Data block
________________

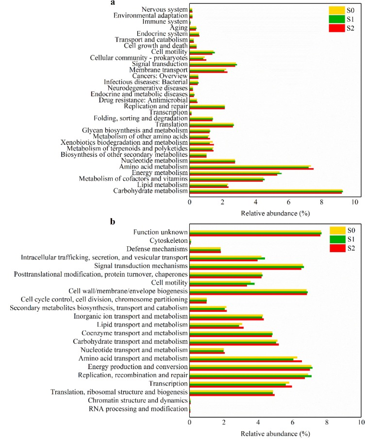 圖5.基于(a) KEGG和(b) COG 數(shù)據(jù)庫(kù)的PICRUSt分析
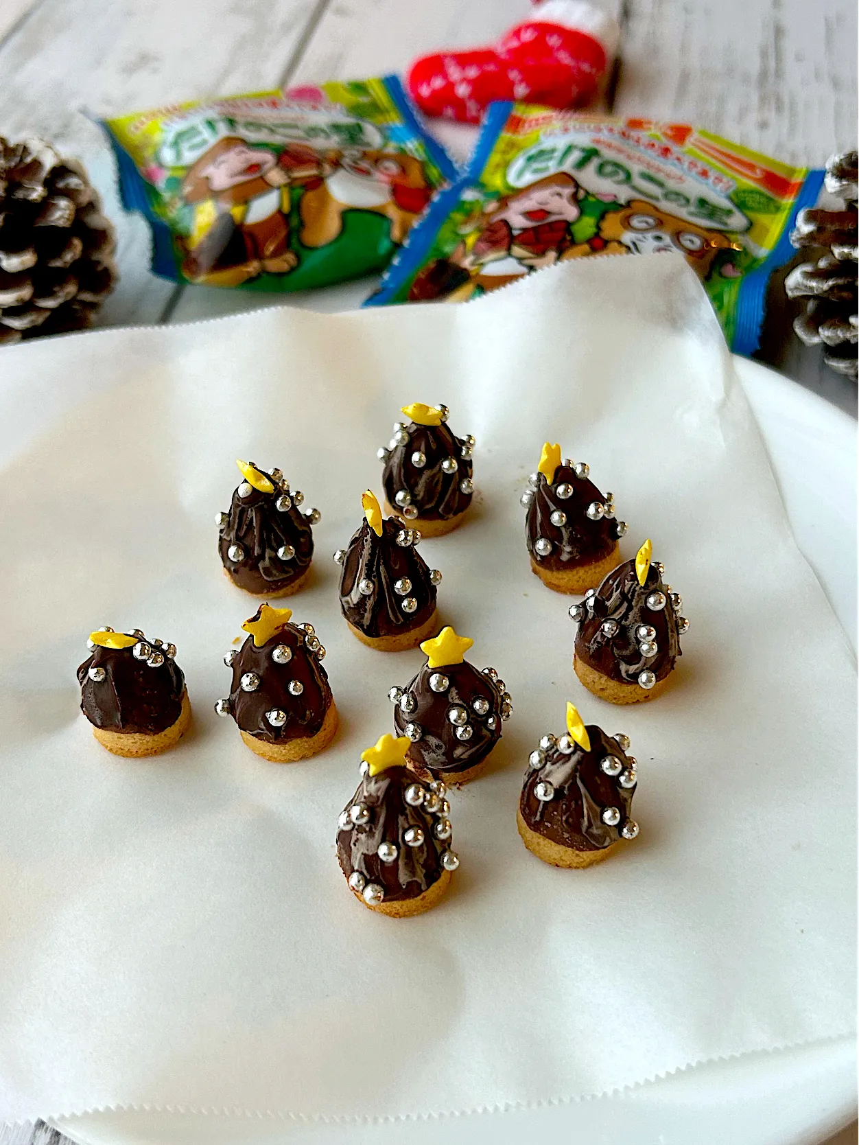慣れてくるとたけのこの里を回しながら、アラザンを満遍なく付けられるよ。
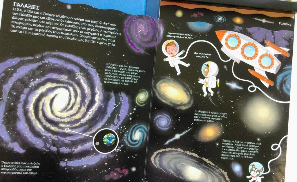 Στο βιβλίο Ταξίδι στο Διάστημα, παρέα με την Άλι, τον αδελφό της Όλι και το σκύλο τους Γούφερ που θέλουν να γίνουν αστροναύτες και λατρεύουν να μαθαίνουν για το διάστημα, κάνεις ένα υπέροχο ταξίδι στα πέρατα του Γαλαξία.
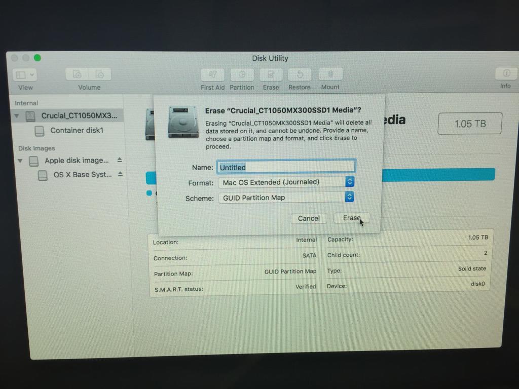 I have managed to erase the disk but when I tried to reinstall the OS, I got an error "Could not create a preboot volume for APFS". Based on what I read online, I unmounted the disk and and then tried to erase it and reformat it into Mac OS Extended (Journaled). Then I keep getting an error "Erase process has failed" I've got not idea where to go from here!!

________________

Problem to solve
Retype the listing above exactly, pictures excluded.

Task answer
 圖5.基于(a) KEGG和(b) COG 數(shù)據(jù)庫(kù)的PICRUSt分析
慣れてくるとたけのこの里を回しながら、アラザンを満遍なく付けられるよ。
 Στο βιβλίο Ταξίδι στο Διάστημα, παρέα με την Άλι, τον αδελφό της Όλι και το σκύλο τους Γούφερ που θέλουν να γίνουν αστροναύτες και λατρεύουν να μαθαίνουν για το διάστημα, κάνεις ένα υπέροχο ταξίδι στα πέρατα του Γαλαξία.
 I have managed to erase the disk but when I tried to reinstall the OS, I got an error "Could not create a preboot volume for APFS". Based on what I read online, I unmounted the disk and and then tried to erase it and reformat it into Mac OS Extended (Journaled). Then I keep getting an error "Erase process has failed" I've got not idea where to go from here!!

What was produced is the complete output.